Reported: 2006-12-26 12:30 UTC by Geoffrey Giesemann
Modified: 2017-08-26 03:32 UTC (History)
1 user (show)

See Also:

Attachments
Add an attachment (proposed patch, testcase, etc.)

Note You need to log in before you can comment on or make changes to this bug.
Description Geoffrey Giesemann 2006-12-26 12:30:13 UTC 
I'm running a dual P3 machine with an SMP kernel, with all the hard drives
hanging off a single Areca ARC-1120 (arcmsr).

I migrated to a new larger RAID5 volume on the machine recently. Trying to
do this with snapshots caused the odd (difficult-to-reproduce) kernel panic
(I used dd instead). To speed up the migration I enabled write-caching to
the new volumes.

Several days later, writing files to the array via Samba causes a kernel
panic. Following this, the system reboots and proceeds to crash in the
background fsck. This occurred twice before I booted to a 6.1 install cd,
ran fsck in the foreground (which worked fine), and got everything running
again.

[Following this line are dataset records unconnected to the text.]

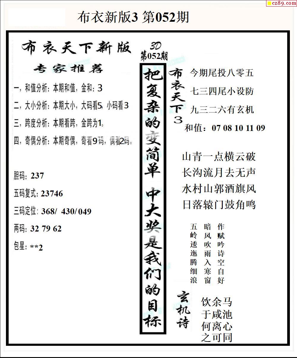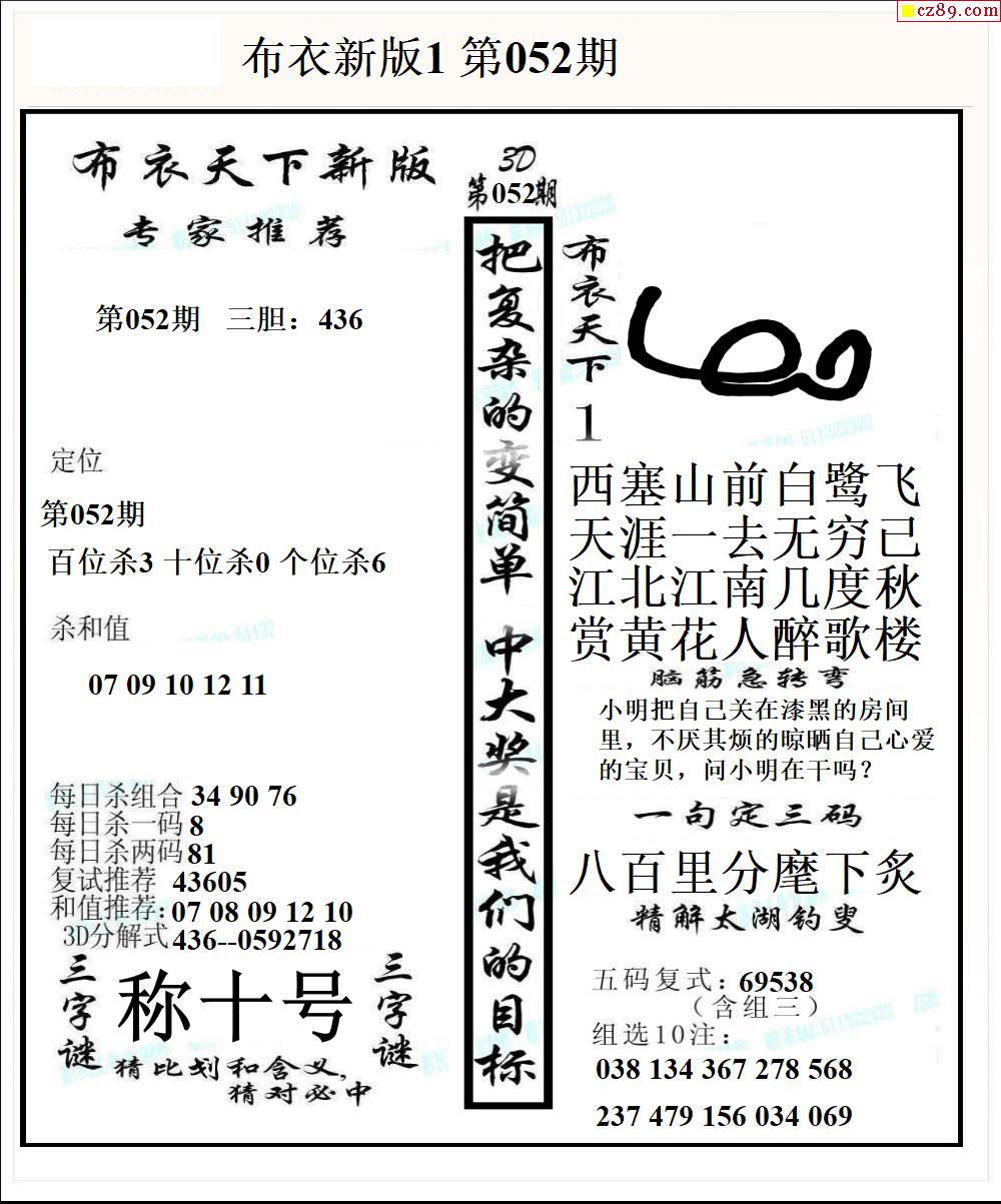 新布衣天下26年051期3D图谜
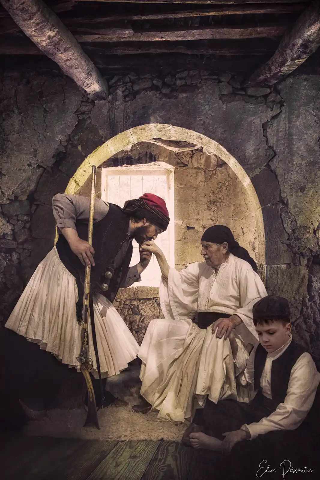 Λίγο πριν πορευθεί προς το πεδίο της μάχης, ο αγωνιστής στέκεται απέναντι στον γέροντα πατέρα του. Με δέος και συγκίνηση σκύβει το κεφάλι, δεχόμενος την ιερή πατρική ευχή — ευχή που κουβαλά τη δύναμη του γένους, το βάρος της παράδοσης και την πίστη στον δίκαιο αγώνα. Εκείνη την ίδια ώρα, τα γυναικόπαιδα εγκαταλείπουν τα σπιτικά τους και ανηφορίζουν προς τον Προφήτη Ηλία και το Μαλαγάρι, αναζητώντας ασφάλεια μακριά από την επερχόμενη απειλή. Η ατμόσφαιρα είναι βαριά από προσμονή· όλοι γνωρίζουν πως το επόμενο βήμα μπορεί να σφραγίσει για πάντα το μέλλον και τη λευτεριά τους.
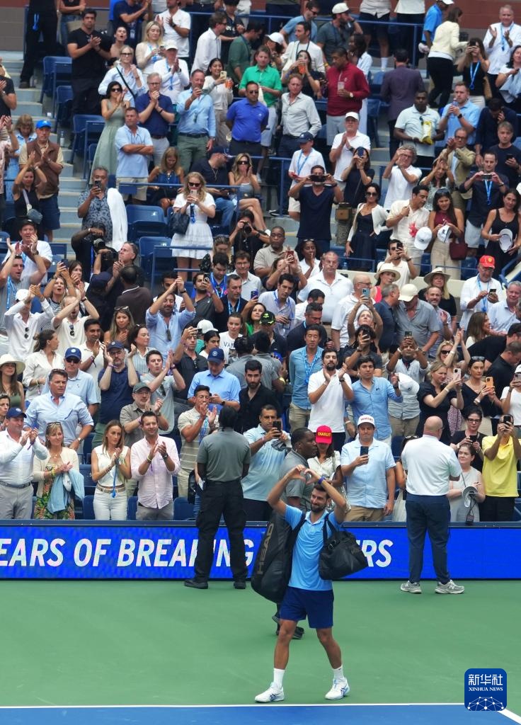 9月5日,焦科维奇(下)在比赛后向观众致意。
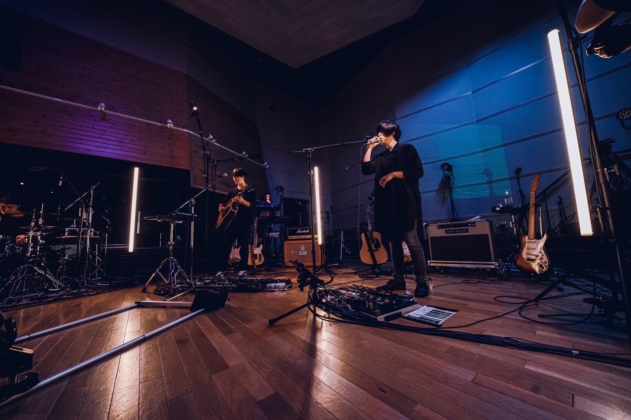オンラインライブということもあってか、この日のライブはメンバーのトークが非常に多かった。かなりラフでくだけた内容のものから、楽曲にまつわるエピソードや裏話など、リアルタイムでライブを観ているユーザーからのコメントを拾いながら、4人はアットホームな雰囲気で会話を繰り広げていた。また、今年1月に開催された10周年記念公演2デイズのドキュメンタリー映像を流し、メンバーが副音声的にコメントしていく場面も。舞台裏や演出についての話など、当日のことを思い返しながら和気藹々と話していたが、「照明さんも一拍ごとに、一緒に演奏してますから」という話など、ライブ制作に携わっているスタッフにもスポットを当てていたところが印象的だった。
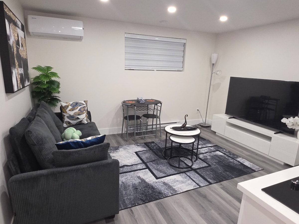 Exquisita suite en una zona serena, cerca de Magnetic Hill, el zoológico de Moncton y cerca de los principales centros comerciales de la ciudad. Este apartamento en el sótano de nueva construcción ofrece una cómoda sala de estar y un dormitorio atractivo, lo que garantiza una estancia tranquila. Es ideal para personas que viajan solas, parejas o familias pequeñas. Estamos deseando recibirte en nuestro apartamento premium.

I had savecore turned on after the snapshot problems, so I now have
three large coredumps.

# kgdb /usr/obj/usr/src/sys/IDDQD/kernel.debug /var/crash/vmcore.0
[GDB will not be able to debug user-mode threads: /usr/lib/libthread_db.so: Undefined symbol "ps_pglobal_lookup"]
GNU gdb 6.1.1 [FreeBSD]
Copyright 2004 Free Software Foundation, Inc.
GDB is free software, covered by the GNU General Public License, and you are
welcome to change it and/or distribute copies of it under certain conditions.
Type "show copying" to see the conditions.
There is absolutely no warranty for GDB.  Type "show warranty" for details.
This GDB was configured as "i386-marcel-freebsd".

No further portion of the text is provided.